A thread is needed for the web server. The recommended solution is an extended Thread class. Overwrite run and shutdown and that is it.

from threading import Thread
from werkzeug.serving import make_server
# ...
class ServerThread(Thread):

    def __init__(self, app):
        Thread.__init__(self)
        self.server = make_server(WEB_SERVER_IP, WEB_SERVER_PORT, app) # create the actual WSGI server
        self.ctx = app.app_context()
        self.ctx.push()

    def run(self):
        self.server.serve_forever()

    def shutdown(self):
        self.server.shutdown()
# ...
def start_server():
    global server
    # ...
    server = ServerThread(app)
    server.start()

def stop_server():
    global server
    server.shutdown()

More Schedule

Actually develop the schedule cycle. Everything will be built around the flask server.

class flaskManager:

    def __init__(self) -> None:
        self.alarm_schedule = None
        environ["PIALARM_RUNNING"] = "False"

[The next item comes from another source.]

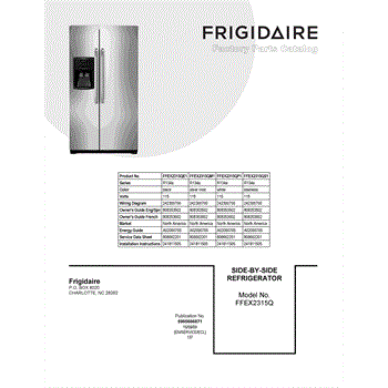 Parts for Frigidaire FFEX2315QS1: 01 - Cover Sheet Parts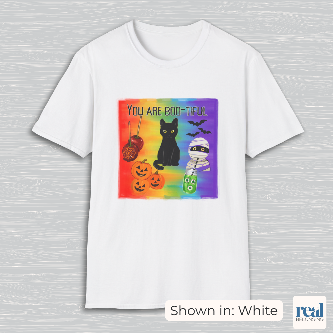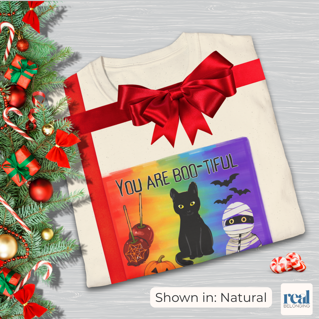 Embrace the spirit of Halloween with this fun, festive, artful affirmation. With a playful design featuring an adorable mummy, pumpkins, and a lovely black cat, this shirt adds a delightful, positive vibe to any celebration.

    def start(self, night=False):
        global manager, settings, app
        if night:
            create_scheduler(manager.stop, settings.turn_off_at[0], [True]) # schedule the shutdown of web server
        else:
            environ["PIALARM_RUNNING"] = "True" # not night means the alarm is running
        start_server()

    def stop(self, night=False):
        global settings, alarm
        stop_server()
        if night: # if it stops at night that means that it has to prepare for next morning
            settings.load_config() # reload config
            self.alarm_schedule = create_scheduler(alarm.start, settings.realalarm_at) # start the alarm
            create_scheduler(self.start, settings.turn_on_at[1]) # start the server
        else:
            create_scheduler(self.start, settings.turn_on_at[0], [True]) # prepare for night
# ...

def start_server():
    # ...
    @app.route("/", methods=["POST"])
    def main_post():
        global settings, manager, alarm
        # ...
        if environ["PIALARM_RUNNING"] == "True":
            if not settings.stop_alarm(data["code"]):
                return jsonify({"status": False})
            environ["PIALARM_RUNNING"] = "False"
            manager.alarm_schedule.shutdown(wait=False) # stop actually the schedule
            to_stop_at = datetime.now() + timedelta(seconds=1)
            create_scheduler(manager.stop, [to_stop_at.hour, to_stop_at.minute, to_stop_at.second]) # stop the flask (one second after because we still need to respond to request)
    # ...

if __name__ == "__main__":
    # ...
    manager = flaskManager()

Last step is to handle the schedules when the script starts. Plus we need to run an infinite sleep, so the script keeps running.

if __name__ == "__main__":
    # ...
    now = datetime.now()
    now = settings.time_list_to_secs([now.hour, now.minute])
    if ((settings.time_list_to_secs(settings.turn_on_at[0]) < now and now < settings.time_list_to_secs(settings.turn_off_at[0]))): # check if the web server should run now
        manager.start(True)
    else:
        create_scheduler(manager.start, settings.turn_on_at[0], [True]) # else schedule the next web server start
    while True:
        sleep(5)

The project is fully done! Thank you for reading.